[Prompt]
Return only the lines below starting at the line containing "اس سے قبل پرو" and ending at the line containing "大金康達(dá)效應(yīn", both included, exactly as they are and with no pictures.

[Collected material]
● ● ● ●

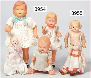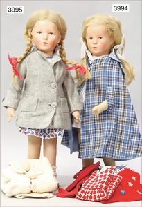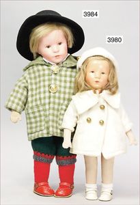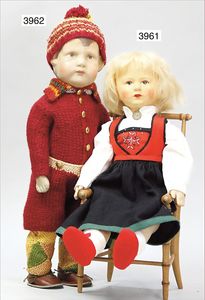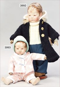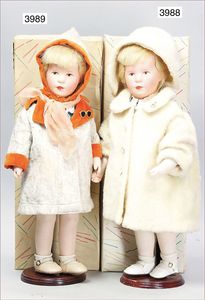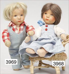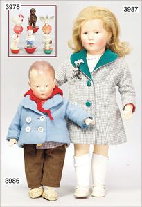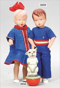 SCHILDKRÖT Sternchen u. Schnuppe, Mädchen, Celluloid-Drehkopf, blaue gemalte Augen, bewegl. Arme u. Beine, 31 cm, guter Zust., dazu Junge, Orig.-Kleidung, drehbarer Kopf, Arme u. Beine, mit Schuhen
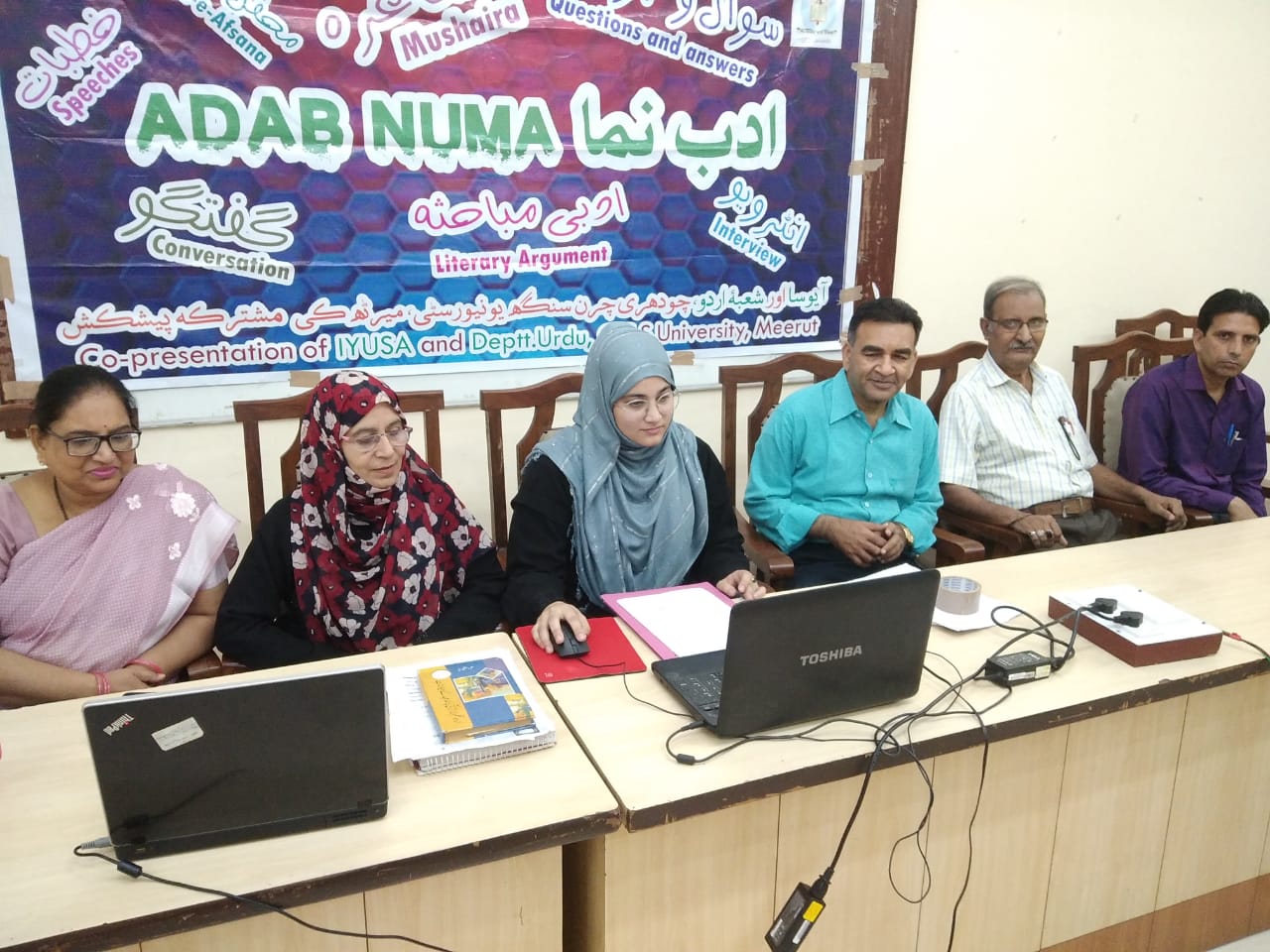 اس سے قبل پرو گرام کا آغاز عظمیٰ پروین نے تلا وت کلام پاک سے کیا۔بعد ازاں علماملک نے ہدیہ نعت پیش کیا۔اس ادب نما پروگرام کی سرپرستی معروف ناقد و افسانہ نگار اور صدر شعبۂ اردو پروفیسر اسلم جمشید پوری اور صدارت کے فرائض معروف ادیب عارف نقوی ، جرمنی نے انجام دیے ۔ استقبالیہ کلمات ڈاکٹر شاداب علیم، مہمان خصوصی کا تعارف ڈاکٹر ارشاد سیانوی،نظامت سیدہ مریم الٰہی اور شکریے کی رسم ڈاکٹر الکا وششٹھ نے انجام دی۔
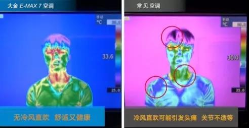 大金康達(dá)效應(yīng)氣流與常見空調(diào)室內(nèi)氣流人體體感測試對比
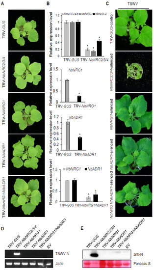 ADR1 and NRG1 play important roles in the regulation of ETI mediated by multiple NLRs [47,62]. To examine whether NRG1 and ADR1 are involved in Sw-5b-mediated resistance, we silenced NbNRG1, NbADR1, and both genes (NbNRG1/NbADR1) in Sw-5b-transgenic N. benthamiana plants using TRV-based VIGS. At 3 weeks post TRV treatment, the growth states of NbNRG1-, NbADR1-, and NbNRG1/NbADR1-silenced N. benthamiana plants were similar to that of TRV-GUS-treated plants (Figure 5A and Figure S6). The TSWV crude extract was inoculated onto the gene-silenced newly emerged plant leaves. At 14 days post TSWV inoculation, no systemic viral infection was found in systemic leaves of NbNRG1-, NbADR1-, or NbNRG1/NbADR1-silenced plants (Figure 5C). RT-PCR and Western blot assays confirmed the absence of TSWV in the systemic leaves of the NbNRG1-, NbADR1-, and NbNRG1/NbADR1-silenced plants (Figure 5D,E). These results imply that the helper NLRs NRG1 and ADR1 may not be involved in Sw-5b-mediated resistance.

● ● ● ●

[Answer space]
 اس سے قبل پرو گرام کا آغاز عظمیٰ پروین نے تلا وت کلام پاک سے کیا۔بعد ازاں علماملک نے ہدیہ نعت پیش کیا۔اس ادب نما پروگرام کی سرپرستی معروف ناقد و افسانہ نگار اور صدر شعبۂ اردو پروفیسر اسلم جمشید پوری اور صدارت کے فرائض معروف ادیب عارف نقوی ، جرمنی نے انجام دیے ۔ استقبالیہ کلمات ڈاکٹر شاداب علیم، مہمان خصوصی کا تعارف ڈاکٹر ارشاد سیانوی،نظامت سیدہ مریم الٰہی اور شکریے کی رسم ڈاکٹر الکا وششٹھ نے انجام دی۔
 大金康達(dá)效應(yīng)氣流與常見空調(diào)室內(nèi)氣流人體體感測試對比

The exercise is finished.